Услышав, как Уолси выражает эти чувства, лицо Генриха вспыхнуло от ярости, и угрожающий хмурый взгляд исказил его лоб.

«Может ли быть, — крикнул он, — что ты смеешь обращаться ко мне в такой манере? Я накажу самого Папу, если он откажет в своей санкции. Он будет мериться своей силой с моей! Он дрожит, потому что Карл V уже на его границе. Я заставлю его дрожать теперь, в свою очередь! Я женюсь на Анне Болейн — да, я женюсь на ней на глазах у всего мира!»

«Что вы говорите, сир?

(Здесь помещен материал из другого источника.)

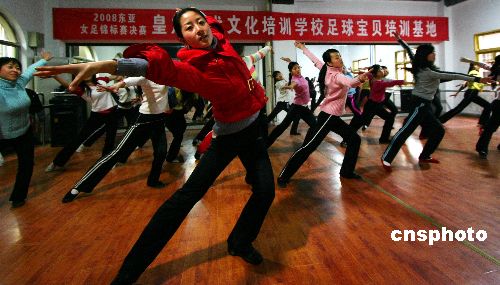 1月15日,東亞女足的“足球?qū)氊悺眰冊谟?xùn)練。2008年東亞女足錦標(biāo)賽將于2月17日-24日在重慶市永川區(qū)體育中心舉行,永川區(qū)從該區(qū)大中院校選出42名“足球?qū)氊悺,進(jìn)行為期一個(gè)月的藝術(shù)體操、姿態(tài)等基本功訓(xùn)練,屆時(shí)將以嶄新身姿展現(xiàn)在人們面前。中新社發(fā) 陳仕川 攝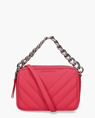 Opvallend tasje Emely Quilting uit de collectie van Les Visionnaires. Dit model is gemaakt van felroze doorgestikt leer. Het hoofdcompartiment is opgesplitst in twee delen en beide sluit je door middel van een rits. Binnenin vind je 2 steekvakjes en 4 pasjeshouders. Een extra voorvak is handig om kleine spulletjes in op te bergen. Het zilveren chainhengsel is afneembaar. Een langere verstelbare en afneembare schouderband wordt meegeleverd. is. Een subtiel merklogo voorop maakt de tas compleet. Afmetingen: hoogte: 17 cm breedte: 25 cm diepte: 8 cm. Kleur: felroze. (Hot Pink)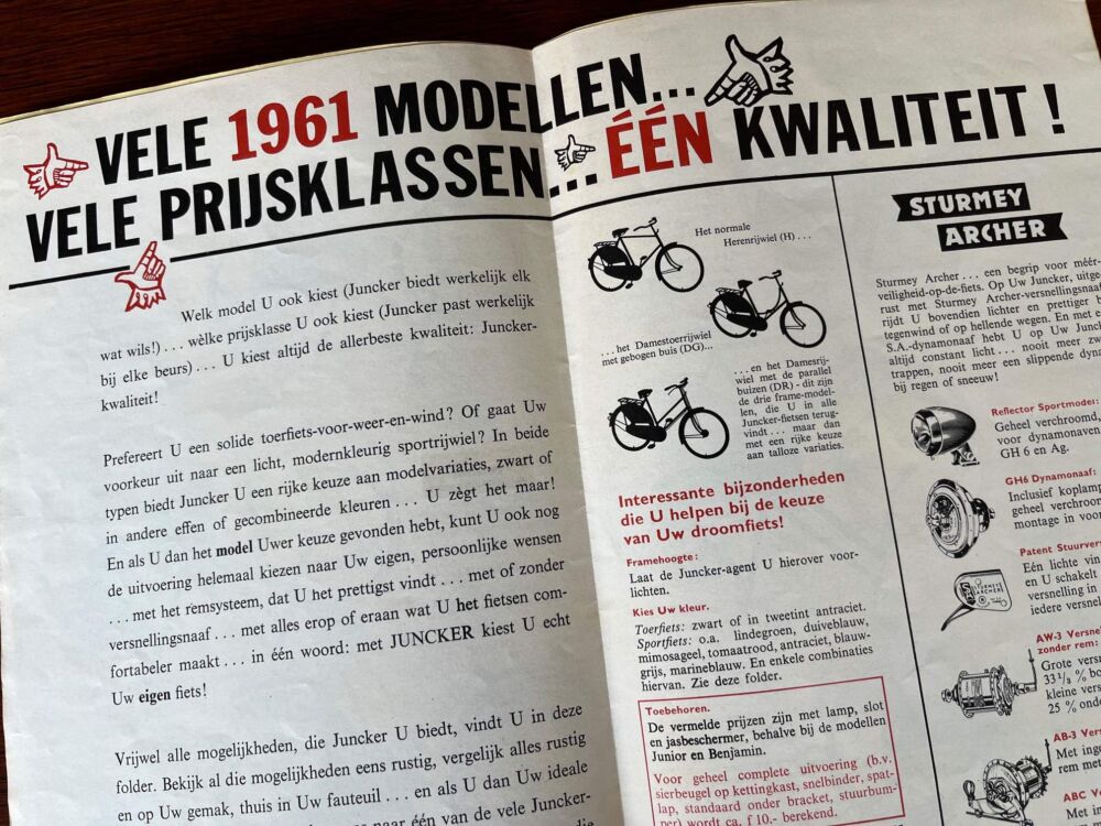 Juncker Rijwiel folder 1961 aantal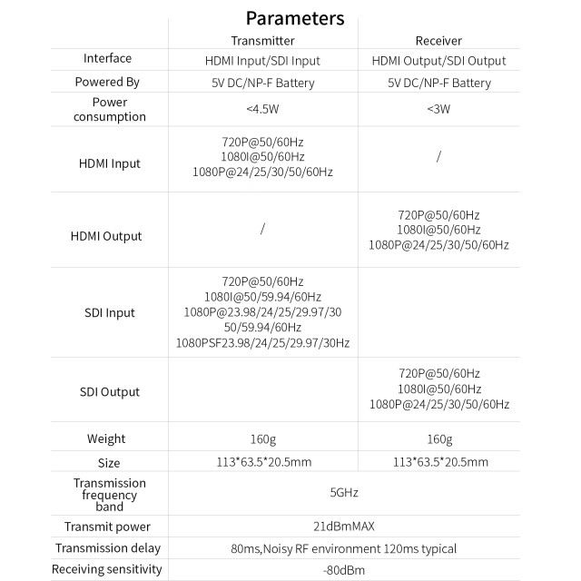 Sada vysílače a přijímače slouží k bezdrátovému přenosu až 1080p60 videa v pásmu 5 GHz na vzdálenost cca 182 m (přímá viditelnost) s latencí přibližně 80 ms. Systém nabízí HDMI a HD-SDI I/O (vysílač je vybaven 1x HDMI Type A a 1x HD-SDI vstupy, přijímač 1x HDMI Type A a 1x HD-SDI výstupy), napájení pomocí USB-C portu (případně pomocí akumulátoru Sony L-Series; není součástí) a možností přijímat signál nejen pomocí přijímače, ale také telefonů a tabletů. Obě jednotky mají pasivní chlazení pro tichý provoz, interní antény a skvěle čitelné stavové OLED displeje.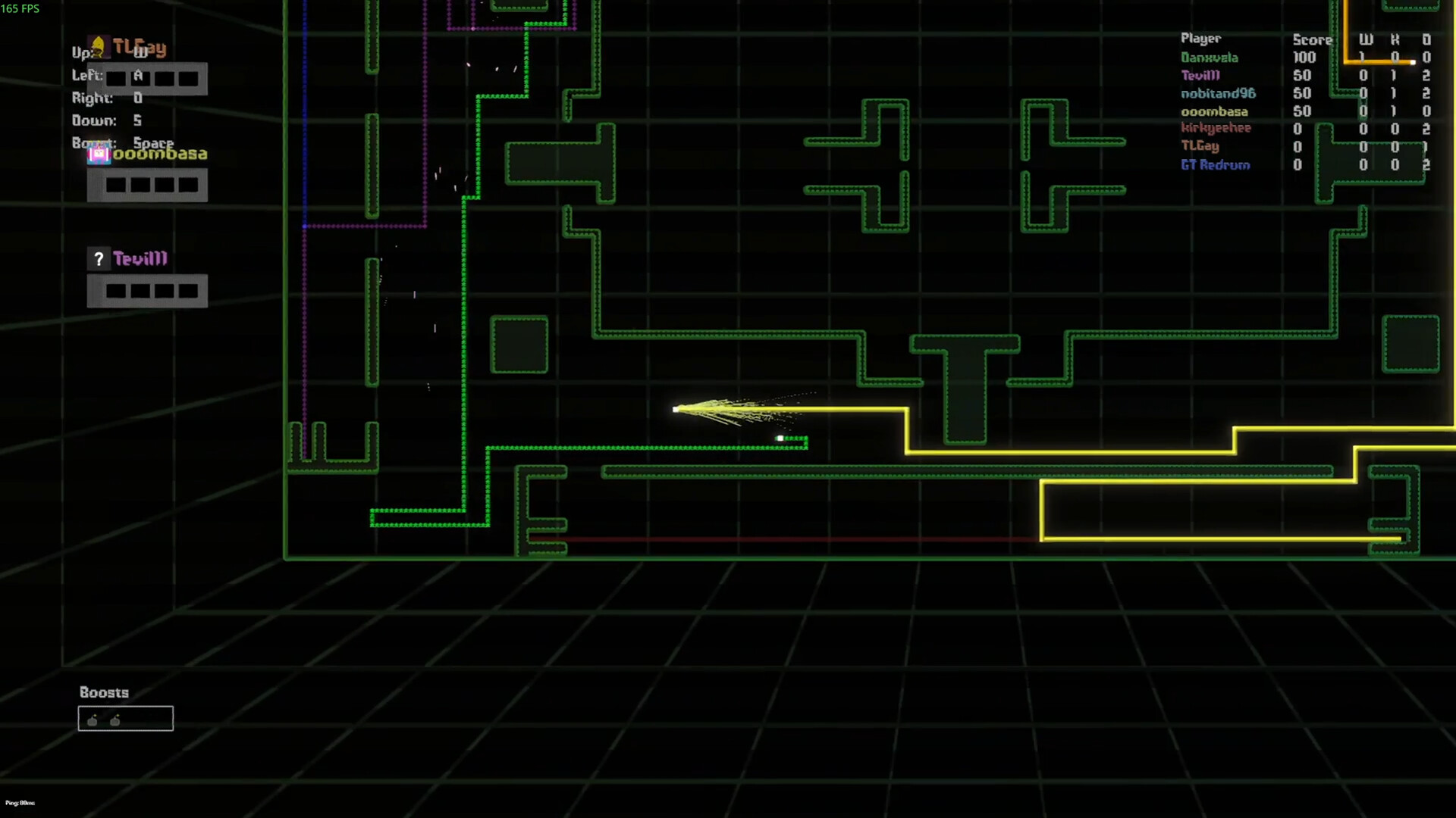 When the game starts players move and never stop, leaving behind trails that fills the grid. One wrong move and you're dead until the next round. Use the trails you leave behind to your advantage to trap and block off other players, or secure a piece of the grid for yourself.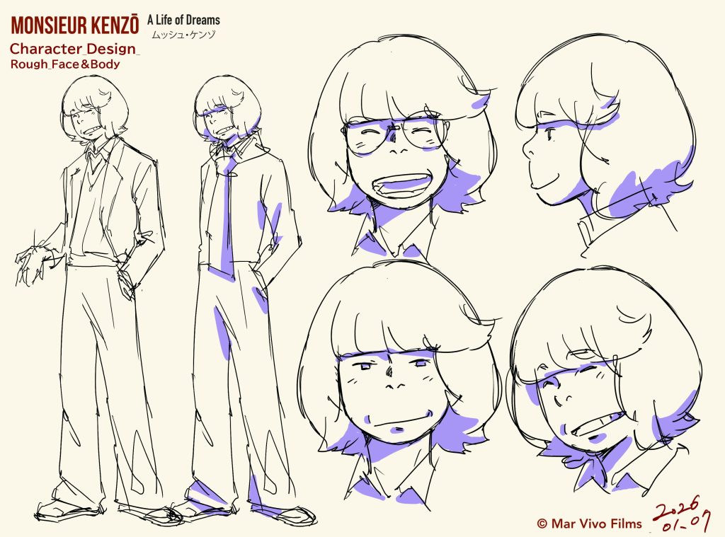 We’re sharing here some early sketches of our MONSIEUR KENZŌ as adult. Special thanks to our talented Japanese animé artist Haruna Gohzu (Demon Slayer, Pokemon series) who recently joined our Japan-based production team.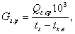 где k - коэффициент теплопередачи нагревательного прибора, ккал/ м2ч°С (кДж/м2ч°С); F - площадь поверхности теплообмена нагревательного прибора, м2; Dt - температурный напор нагревательного прибора,°С, определяемый как разность средней температуры нагревательного прибора конвективно-излучающего действия и температуры воздуха в отапливаемом здании -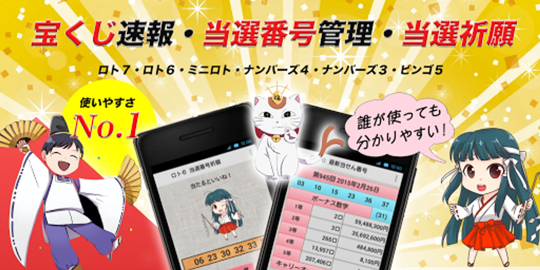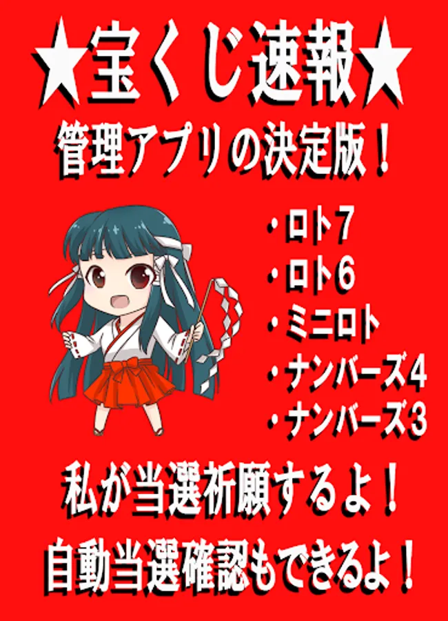 Lottery bulletin and management app for Lotto 7, Lotto 6, Mini Lotto, Numbers 4, Numbers 3, Bingo 5, and Dress-up Ku-chan!

Анна Болейн!» — крикнул Уолси.

«Да, Анна Болейн!» — ответил король, глядя на Уолси со своим обычным высокомерным и презрительным выражением. «Ты хорошо ее знаешь. Она прикреплена к службе Екатерины».

«Леди Анна Болейн!» — снова крикнул Уолси после минутного молчания, ибо изумление почти на время лишило его дара речи и дыхания. «Леди Анна Болейн! Король Англии, великий Генрих, желает, значит, жениться на Анне Болейн! Почему, если вы обдумывали такой брак, как этот, вы послали меня искать союза с Францией и предложить руку вашей дочери в браке герцогу Орлеанскому? И почему вы дали мне указание заявить Франциску I, что ваше желание — посадить на трон Англии принцессу его крови? Только этими представлениями и обещаниями мне удалось склонить его подписать договор, который лишил Екатерину всякой помощи. Вы заверили меня в своем полном одобрении этих переговоров. Этот союз с Францией был единственным средством, с помощью которого можно было обеспечить себе какую-либо реальную защиту против Папы и Императора. Вы полагаете, что Карл V спокойно позволит вам лишить его тетю ее положения и титула королевы Англии?» Здесь Уолси замолчал, полностью охваченный негодованием.

«Карл! — ответил король. — Карл? Я могу легко справиться с ним и успокоить его прекрасными обещаниями и долгими переговорами. Что касается нашего Святого Отца, я подниму достаточно раздоров, чтобы занять его руки настолько, что он не сможет заниматься ничем другим. Ссоры Австрии и Франции всегда заканчиваются тем, что обрушиваются на его голову, и я полагаю, он не скоро забудет разграбление Рима и свое прежнее заключение».

«Да, но вы забываете, — сказал Уолси, — что король Франции обвинит вас в вопиющем вероломстве: и навлечете ли вы на себя их отвращение, чтобы жениться на Анне Болейн?»

Министр произнес эти последние слова с выражением и тоном такого презрительного пренебрежения, что в страшной степени возбудил негодование короля, привыкшего только к лести и рабскому подобострастию своих придворных. В то же время он был вынужден почувствовать силу доводов кардинала, хотя правда лишь послужила еще больше раздражить и разъярить его.

«Перестань, Уолси! — крикнул Генрих, свирепо устремив на него свои сверкающие глаза. — Я здесь не для того, чтобы слушать твои жалобы. Я женюсь на ком захочу; и твоя голова ответит за верность, с которой ты помогаешь мне исполнять мою волю».

«Моя голова, сир, — ответил Уолси мужественно, — давно принадлежит вам; вся моя жизнь была посвящена вашей службе; и все же я, скорее всего, в конце концов буду иметь горькую причину раскаиваться в том, что всегда делал себя покорным вашим желаниям. Но ваше величество, несомненно, поразмыслит более серьезно о бесчестии, которое вы неизбежно навлечете на себя таким выбором, как этот. Партия королевы будет становиться все сильнее и сильнее, и я говорю вам откровенно, я боюсь, как бы легат не оказался непреклонным».

«Уолси, — крикнул Генрих, повышая голос в угрожающей манере, — я уже объявил о своих намерениях — разве этого недостаточно? Что касается легата, я повторяю, он должен быть склонен к моему делу. Золото и лесть скоро обеспечат нам ту нежную совесть, чьи угрызения вы сейчас так сильно опасаетесь. Приведите его ко мне завтра».

«Он слишком страдает, сир. Кардинал стар и очень немощен; я не думаю, что он будет в состоянии видеть ваше величество еще несколько дней».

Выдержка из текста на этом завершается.